1.1 Australia's Health Care System
1.2 Health System Challenges
1.3 Health Sector Response
1.4 The National Response

Australia has one of the best health systems in the world based on the health outcomes of its citizens. However, maintaining or improving the health outcomes of Australians will require a fundamental change in approach to the way health care is delivered in this country.

The Australian health system is straining to deal with increasing cost and demand pressures and a shortage of skilled health care workers. Given this reality, we need to move to a system where every interaction between consumers and care providers achieves maximum impact on health outcomes and where scarce financial and human resources are deployed as effectively as possible. Most of all we must draw upon the latent capacity in the system represented by consumers themselves playing a more active role in the protection and management of their personal health outcomes.

This change will require a fundamental shift in the way information is accessed and shared across the health system. We have to move away from a reliance on tools such as pen, paper and human memory to an environment where consumers, care providers and health care managers can reliably and securely access and share health information in real time across geographic and health sector boundaries. The only way this can be achieved is through the implementation of world class E-Health capability.

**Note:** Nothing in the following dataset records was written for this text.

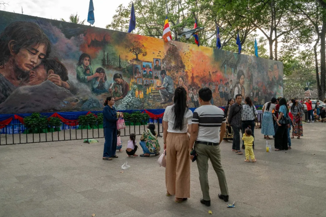 2026年1月3日,在柬埔寨暹粒省暹粒市,一幅影射泰柬冲突的壁画吸引观众驻足。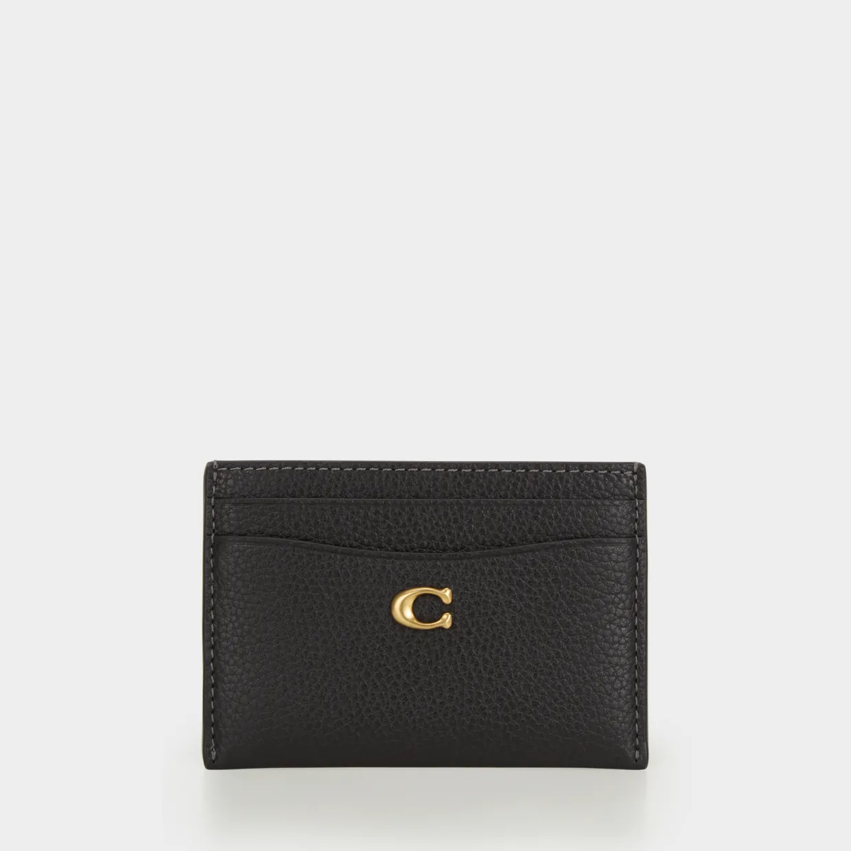 - Four card slots, tonal stitch detailing, gold-tone logo hardware, pebbled leather finish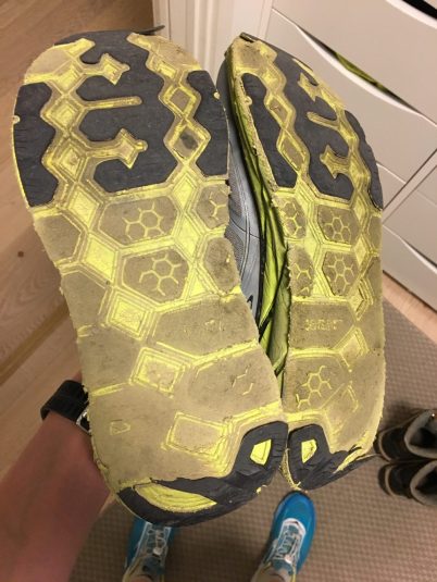 Hoka prøvde jeg for første gang rett før Norseman i 2015, etter å fått en akutt slagskade på undersiden av foten etter en løpetur i terrenget som medførte store smerter i Plantar Fascia. Det var kun 3 uker til Norseman og jeg kunne ikke gå på foten(!) Derfor ble det hastekjøpt et par Hoka Clifton 2, som tilbyr veldig god demping uten at vekten er høy. Resultat ble en løpsetappe på Norseman som var raskere enn noen har løpt tidligere, og uten smerter (på undersiden av foten riktignok. Gnagsårene på yttersiden av lilletærne var konsekvensen av å løpe nesten 4 timer med helt nye sko). Siden har jeg nesten utelukkende løpt i de skoene. De har vært med på utrolig mange treninger og konkurranser og fungert utmerket i alt fra raske asfaltløp til skikkelige terrengløp, til tross for at det ikke er noen terrengløpesko.
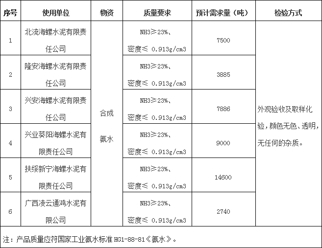 4.交貨地點(diǎn):廣西區(qū)域各海螺子公司現(xiàn)場(chǎng)氨水存儲(chǔ)罐。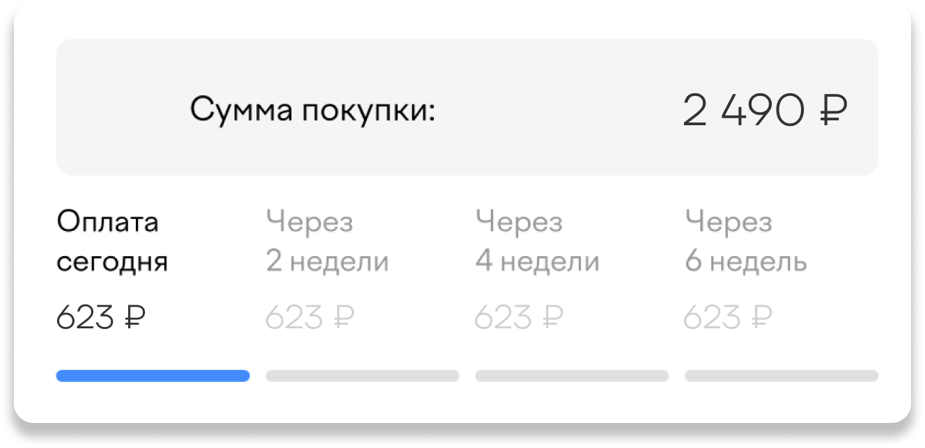 Платеж можно разбить на 4 части и выплатить в течение месяца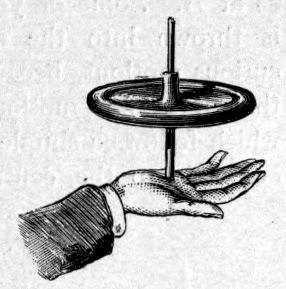 This is not the lecture as it was delivered. Instead of two pages of letterpress and a woodcut, the reader may imagine that for half a minute the lecturer played with a spinning top or gyrostat, and occasionally ejaculated words of warning, admonition, and explanation towards his audience. A verbatim report would make rather uninteresting reading, and I have taken the liberty of trying, by greater fullness of explanation, to make up to the reader for his not having seen the moving apparatus. It has also been necessary in a treatise intended for general readers to simplify the reasoning, the lecture having been delivered to persons whose life experiences peculiarly fitted them for understanding scientific things. An "argument" has been added at the end to make the steps of the reasoning clearer.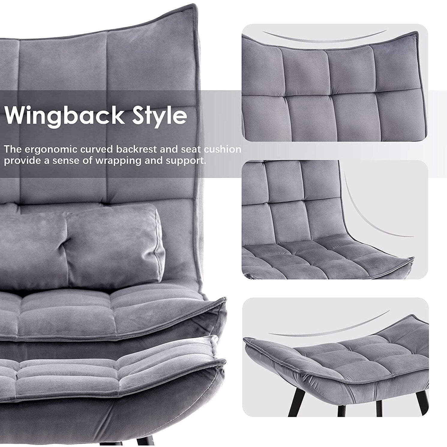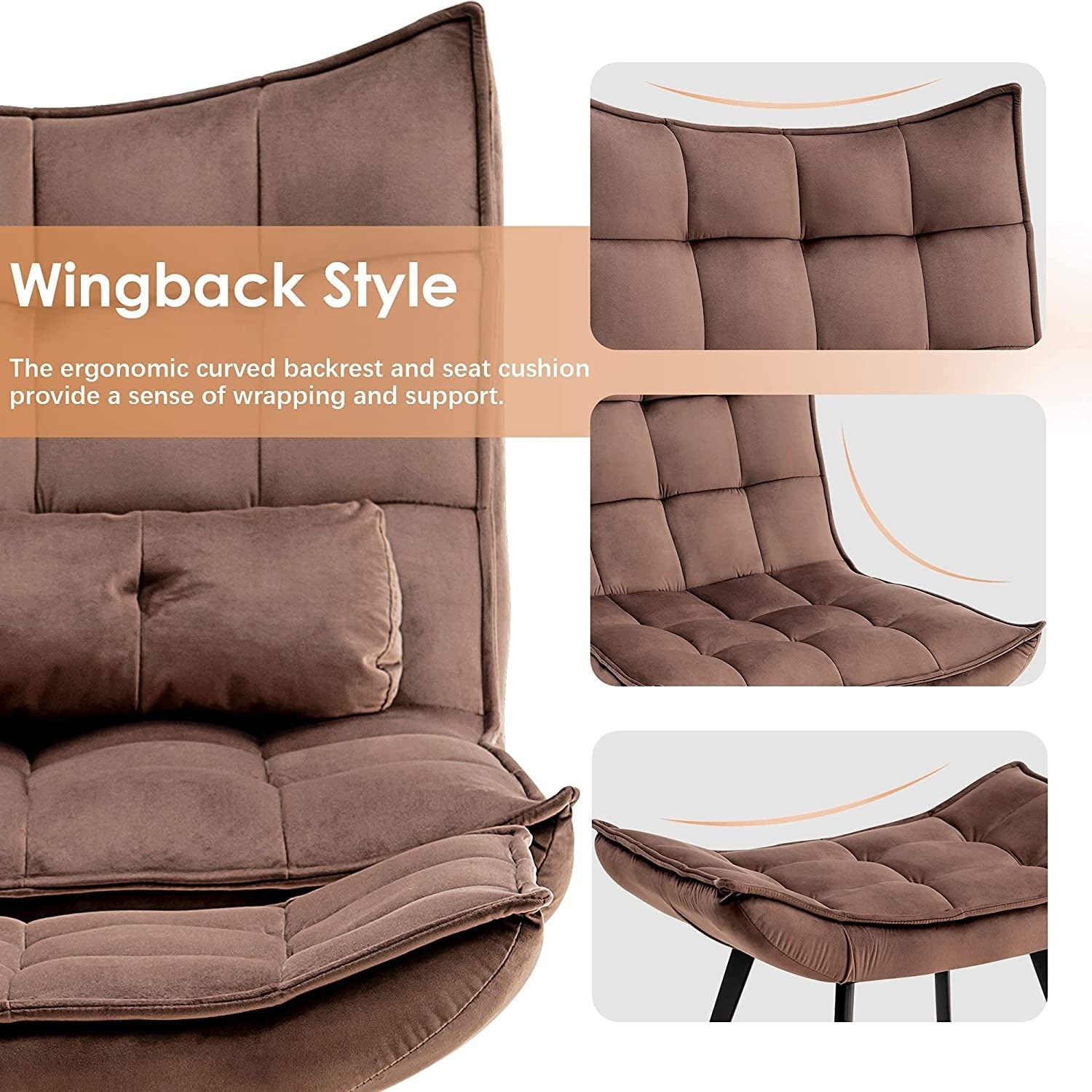 Fauteuil d'appoint Mcombo avec pouf, fauteuil à oreilles capitonné en velours, chaises rembourrées avec pieds en métal pour chambre à coucher et salon 4079

The World Health Organisation defines E-Health as ‘the combined use of electronic communication and information technology in the health sector.’ In more practical terms, E-Health is the means of ensuring that the right health information is provided to the right person at the right place and time in a secure, electronic form for the purpose of optimising the quality and efficiency of health care delivery. E-Health should be viewed as both the essential infrastructure underpinning information exchange between all participants in the Australian health care system and as a key enabler and driver of improved health outcomes for all Australians.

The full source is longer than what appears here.